■ **INSTRUCTIONS FOR THE TASK**:
Emit a verbatim copy of the lines below from the line with "12 ヒドウン・パール" through the line with "Autoportrait bleu, 1979, aquarelle", excluding pictures and everything outside that range.

======

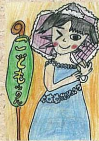
今泉小 1年生 P.N あつくさん
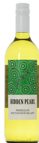
12 ヒドウン・パール
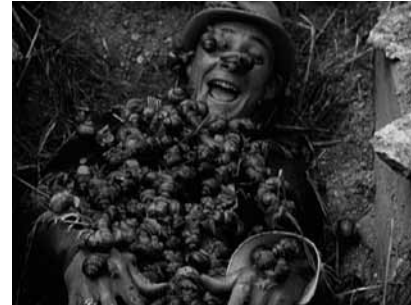
Onésime, dresseur d'hommes et de chevaux , de Jean Durand, 1913

Thomas Salvador choisit des films de Jean Durand et fait une intervention autour de la sélection choisie, centrée sur la question du mime et du burlesque, sous la forme d'une alternance de projections de courts métrages (de Jean Durand) et d'intermèdes (de lui-même) : petits films inédits inspirés par Durand et cascades solitaires en direct.
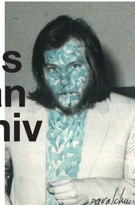
Autoportrait bleu, 1979, aquarelle sur photo (9 x 6,5 cm)

Christian Paraschiv incarne nombre de contradictions de la seconde moitié du XX e siècle. Peintre reconnu en Roumanie, il ne pouvait travailler qu'au prix de contorsions avec le régime de Ceaucescu. Exilé en France en 1986, la liberté acquise s'est exprimée dans la série Le Noir est la couleur du langage, mettant l'accent sur le dépaysement, mais sans traduire sa révolte politique, qui était pourtant à l'origine de son départ. Son exil fut à contretemps ; trois ans à peine après son départ de Roumanie, le régime honni chutait. Les artistes restés devinrent des symboles de résistance, à la fois témoins du passé et porteurs d'une liberté à inventer.
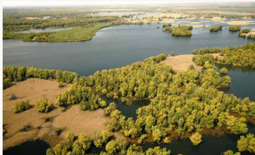
Park prirode „Kopački Rit“: Ušće Drave u Dunav smešteno je u središtu Rezervata biosfere

Uprkos brojnim promenama nastalim dejstvom čoveka u prošlosti, ovaj zadivljujući rečni predeo područje je izuzetne biološke raznovrsnosti i centar retkih prirodnih staništa kao što su velike plavne šume, rečne ade, šljunkovite i peščane obale, rečni rukavci i mrtvaje. Ova staništa su dom najgušćoj populaciji gnezdećih parova orla belorepana u centralnoj Evropi i drugih ugroženih vrsta kao što su mala čigra, crna roda, dabar, vidra i skoro iščezla kratkonosa kečiga. Svake godine, više od 250,000 migrirajućih ptica močvarica koristi reke za odmor i ishranu.
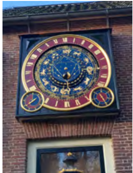
Afb. 3 De astronomische klok.
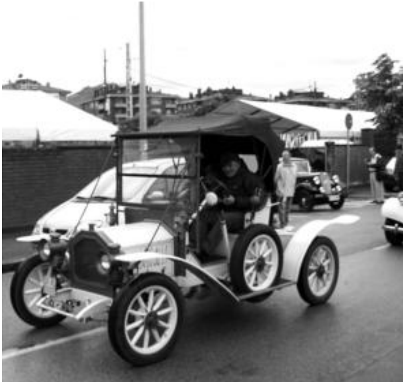
Horrelako autoak ikusi ahal izango dira Tolosako ferialekuan datorren asteburuan. UNAI URREAGA

Indian K Featherweight moto bat izango da ikusgai. 1916an egin zen AEBetan eta 1918an iritsi zen Iruñera. Gaur egun, motoaren jabea nafarra da.
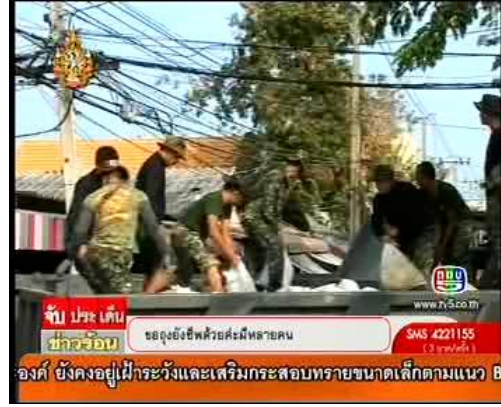
ภาพข่าวจากรายการจับประเด็นข่าวร้อน
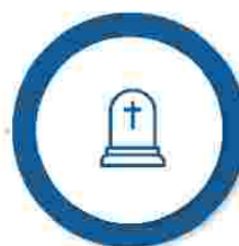
Ajutorul pentru înmormântare
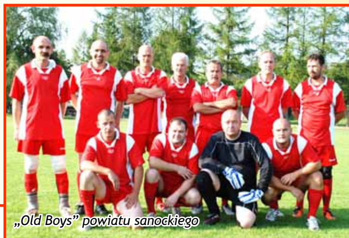
„Old Boys” powiatu sanockiego
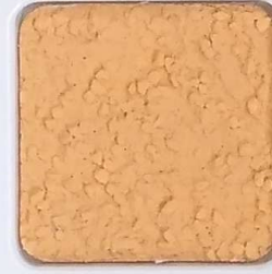
09 D OP, SG, SIG, Σ, O
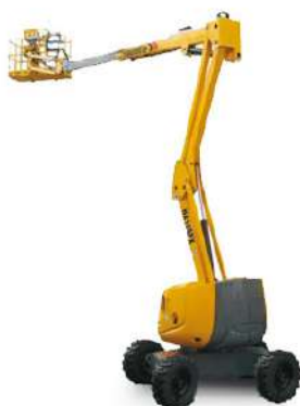
PIATTAFORMA AEREA DIESEL
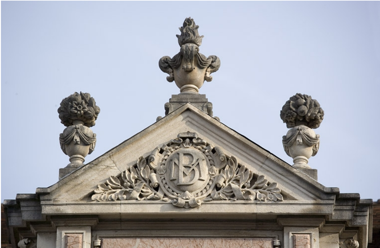
Détail du fronton d'une lucarne.

25, Besançon, 9, 9 bis rue Charles Nodier, lieudit : îlot Banque de France

======

■ **ANSWER SECTION**:
12 ヒドウン・パール
Onésime, dresseur d'hommes et de chevaux , de Jean Durand, 1913

Thomas Salvador choisit des films de Jean Durand et fait une intervention autour de la sélection choisie, centrée sur la question du mime et du burlesque, sous la forme d'une alternance de projections de courts métrages (de Jean Durand) et d'intermèdes (de lui-même) : petits films inédits inspirés par Durand et cascades solitaires en direct.
Autoportrait bleu, 1979, aquarelle sur photo (9 x 6,5 cm)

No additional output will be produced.